The New York Times as much as admitted the accuracy of this assessment, acknowledging that it is not “surprising that Tehran should view the internal conflict in Syria as part of a wider international war--with Iran as the ultimate target.” It continued: “To understand the roots of Iranian paranoia, just look at the map. Iran has been steadily encircled by a network of US military bases in the decades since the Iranian revolution of 1979.”

As for Al Qaeda, after being used as a bogeyman to justify two wars of aggression and a sweeping and continuing assault on democratic rights within the US itself, it now emerges as the indispensable shock troops in Washington’s war for regime-change in Syria.

This alliance is virtually a direct repetition of the relations established by the CIA and Washington when Al Qaeda was founded by Osama bin Laden in the early 1980s. Then it funneled Islamist mujahideen fighters across the Pakistani border into Afghanistan in a war against a Soviet-backed regime that was orchestrated by the CIA and funded with billions of US dollars.

Now the CIA is playing a similar role in Syria, overseeing a huge logistical operation on the Turkish border. Can anyone believe that armed Chechen jihadis are marching across Georgia and Turkey into Syria without the active collaboration of US intelligence?

All of the rhetoric about a global war against Islamist terrorism notwithstanding, the reality is that US imperialism has utilized such forces over the course of decades. Saudi Arabia, which provides these forces with both financial and ideological backing, is Washington’s key Arab ally. Throughout the Cold War, the US government promoted the virulently anti-communist forces of political Islam in the Middle East as well as Asia as a means of destabilizing and toppling nationalist and secular regimes and countering the development of socialist movements.

The response of the US media and the political apparatus as a whole to revelations about Al Qaeda’s role in Syria goes beyond cynicism. It expresses deep-going political disorientation. In Orwellian style, the media reports that yesterday’s mortal enemy has turned into today’s ally without skipping a beat and without seeing the need for explanation.
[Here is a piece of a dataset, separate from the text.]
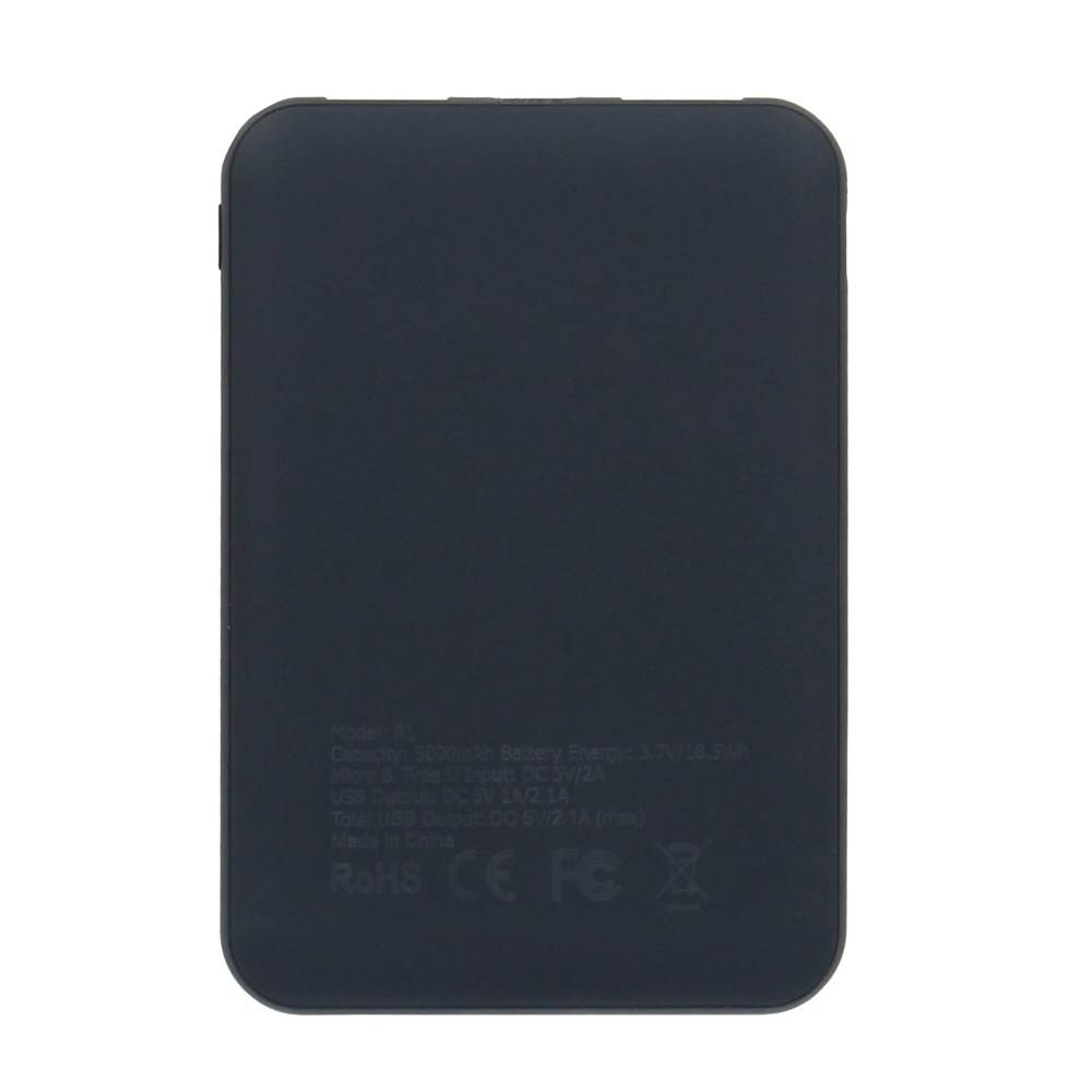 Vergroot je energie onderweg met onze stijlvolle 5.000mAh powerbank Rock. Mode ontmoet duurzaamheid met gerecycled ABS materiaal. Blijf opgeladen in stijl terwijl je een eco-bewust statement maakt. Ingang: micro USB & Type-C: 5V/2A (max) USB-uitgang: DC5V/1A & 2.1A (totaal max. 2.1A)

Not a single leading politician has seen fit even to publicly question this transformation.

The lineup of US imperialism and Al Qaeda in Syria exposes even more glaringly the reactionary role played by pseudo-left groups like the International Socialist Organization (ISO) in supporting the imperialist-led drive for regime-change and even casting it as a “revolution.”

Do they all really believe that the American people won’t notice, after having been dragged into two protracted wars, costing the lives of thousands of US soldiers and hundreds of thousands of Iraqi and Afghan civilians, as well as trillions of dollars, all in the name of the struggle against Al Qaeda? If so, they are deeply mistaken. These revelations will have an explosive effect in laying bare and discrediting the entire US ruling establishment.